— Try it —
Write out each record exactly and skip every image.

Saved entries:

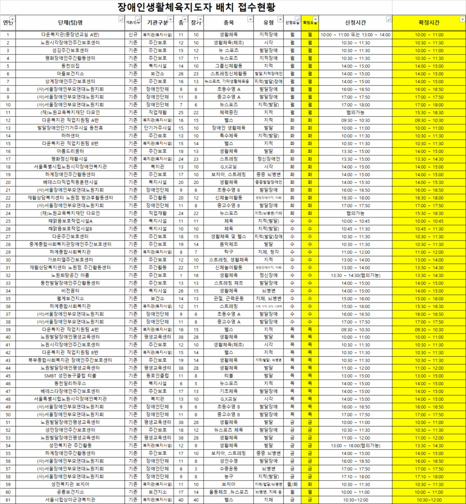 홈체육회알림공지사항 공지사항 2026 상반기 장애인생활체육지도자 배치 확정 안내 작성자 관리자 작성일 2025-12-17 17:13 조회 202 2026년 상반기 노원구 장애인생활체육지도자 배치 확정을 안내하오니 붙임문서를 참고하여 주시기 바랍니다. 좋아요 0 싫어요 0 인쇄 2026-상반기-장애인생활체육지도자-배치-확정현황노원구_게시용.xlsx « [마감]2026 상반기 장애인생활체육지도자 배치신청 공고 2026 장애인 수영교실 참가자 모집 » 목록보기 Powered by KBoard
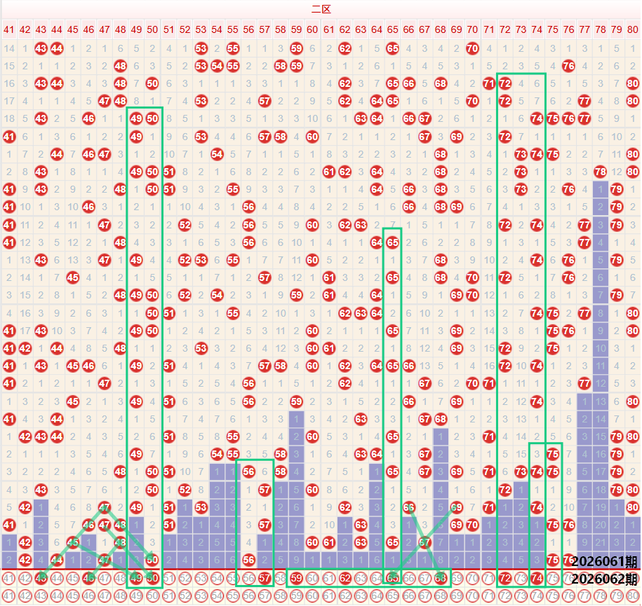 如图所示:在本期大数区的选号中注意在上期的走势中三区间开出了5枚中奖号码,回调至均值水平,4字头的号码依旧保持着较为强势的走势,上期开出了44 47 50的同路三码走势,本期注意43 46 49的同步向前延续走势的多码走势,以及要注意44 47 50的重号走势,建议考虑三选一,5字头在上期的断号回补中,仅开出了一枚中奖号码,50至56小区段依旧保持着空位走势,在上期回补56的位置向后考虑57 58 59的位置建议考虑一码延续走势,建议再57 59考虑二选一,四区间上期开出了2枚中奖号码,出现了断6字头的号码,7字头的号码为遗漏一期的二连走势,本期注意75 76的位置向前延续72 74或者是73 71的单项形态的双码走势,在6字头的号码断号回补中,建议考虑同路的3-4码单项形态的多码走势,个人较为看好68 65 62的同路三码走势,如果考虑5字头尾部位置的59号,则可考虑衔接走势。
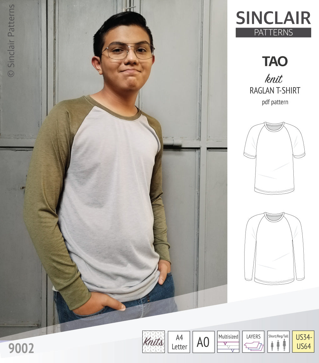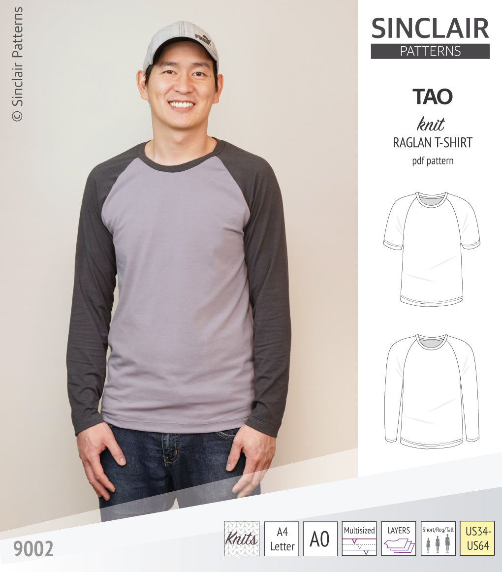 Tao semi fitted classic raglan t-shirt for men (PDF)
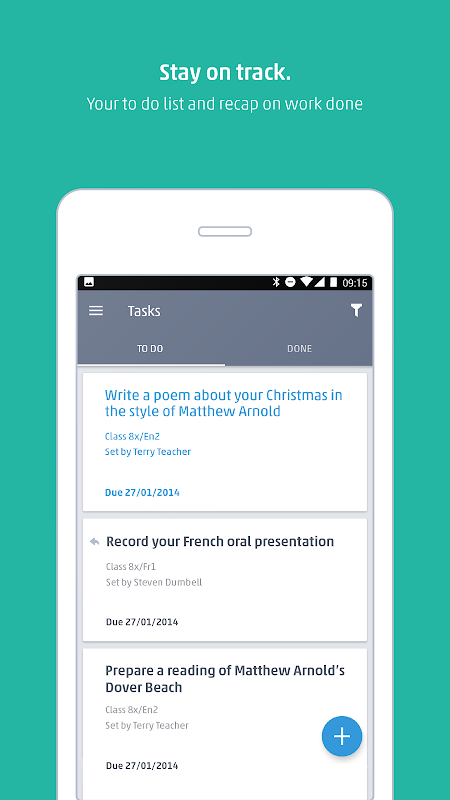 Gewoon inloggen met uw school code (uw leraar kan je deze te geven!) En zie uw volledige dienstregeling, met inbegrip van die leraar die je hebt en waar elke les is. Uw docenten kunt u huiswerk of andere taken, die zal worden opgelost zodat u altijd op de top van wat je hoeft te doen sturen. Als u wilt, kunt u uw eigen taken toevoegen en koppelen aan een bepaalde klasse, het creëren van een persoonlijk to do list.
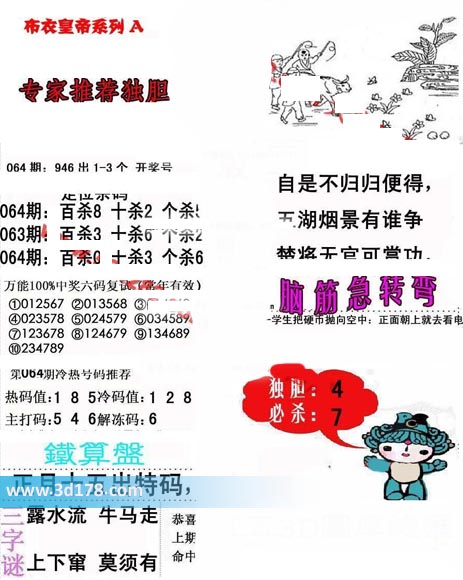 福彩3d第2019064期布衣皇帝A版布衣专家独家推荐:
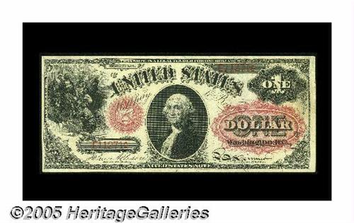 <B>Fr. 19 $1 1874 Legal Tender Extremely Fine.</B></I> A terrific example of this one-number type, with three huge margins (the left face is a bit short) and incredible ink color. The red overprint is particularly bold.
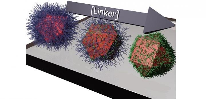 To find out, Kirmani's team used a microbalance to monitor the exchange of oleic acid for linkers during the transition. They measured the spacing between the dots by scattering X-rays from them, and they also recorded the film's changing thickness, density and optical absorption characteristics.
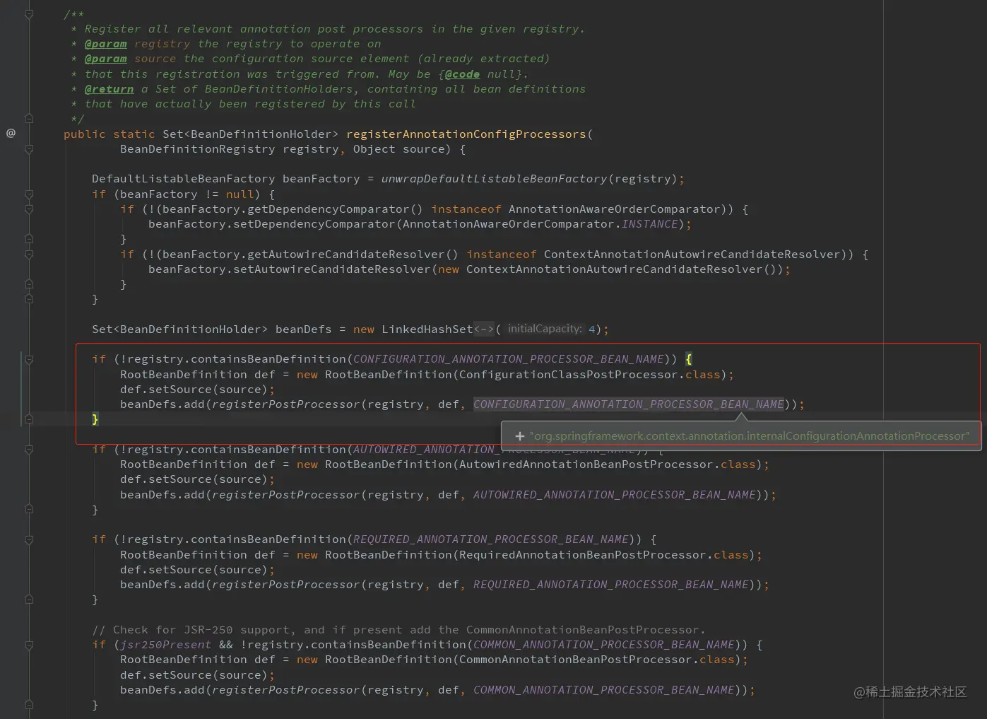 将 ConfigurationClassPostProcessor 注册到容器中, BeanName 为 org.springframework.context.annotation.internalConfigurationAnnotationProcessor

— Task result —
 홈체육회알림공지사항 공지사항 2026 상반기 장애인생활체육지도자 배치 확정 안내 작성자 관리자 작성일 2025-12-17 17:13 조회 202 2026년 상반기 노원구 장애인생활체육지도자 배치 확정을 안내하오니 붙임문서를 참고하여 주시기 바랍니다. 좋아요 0 싫어요 0 인쇄 2026-상반기-장애인생활체육지도자-배치-확정현황노원구_게시용.xlsx « [마감]2026 상반기 장애인생활체육지도자 배치신청 공고 2026 장애인 수영교실 참가자 모집 » 목록보기 Powered by KBoard
 如图所示:在本期大数区的选号中注意在上期的走势中三区间开出了5枚中奖号码,回调至均值水平,4字头的号码依旧保持着较为强势的走势,上期开出了44 47 50的同路三码走势,本期注意43 46 49的同步向前延续走势的多码走势,以及要注意44 47 50的重号走势,建议考虑三选一,5字头在上期的断号回补中,仅开出了一枚中奖号码,50至56小区段依旧保持着空位走势,在上期回补56的位置向后考虑57 58 59的位置建议考虑一码延续走势,建议再57 59考虑二选一,四区间上期开出了2枚中奖号码,出现了断6字头的号码,7字头的号码为遗漏一期的二连走势,本期注意75 76的位置向前延续72 74或者是73 71的单项形态的双码走势,在6字头的号码断号回补中,建议考虑同路的3-4码单项形态的多码走势,个人较为看好68 65 62的同路三码走势,如果考虑5字头尾部位置的59号,则可考虑衔接走势。
 Tao semi fitted classic raglan t-shirt for men (PDF)
 Gewoon inloggen met uw school code (uw leraar kan je deze te geven!) En zie uw volledige dienstregeling, met inbegrip van die leraar die je hebt en waar elke les is. Uw docenten kunt u huiswerk of andere taken, die zal worden opgelost zodat u altijd op de top van wat je hoeft te doen sturen. Als u wilt, kunt u uw eigen taken toevoegen en koppelen aan een bepaalde klasse, het creëren van een persoonlijk to do list.
 福彩3d第2019064期布衣皇帝A版布衣专家独家推荐:
 <B>Fr. 19 $1 1874 Legal Tender Extremely Fine.</B></I> A terrific example of this one-number type, with three huge margins (the left face is a bit short) and incredible ink color. The red overprint is particularly bold.
 To find out, Kirmani's team used a microbalance to monitor the exchange of oleic acid for linkers during the transition. They measured the spacing between the dots by scattering X-rays from them, and they also recorded the film's changing thickness, density and optical absorption characteristics.
 将 ConfigurationClassPostProcessor 注册到容器中, BeanName 为 org.springframework.context.annotation.internalConfigurationAnnotationProcessor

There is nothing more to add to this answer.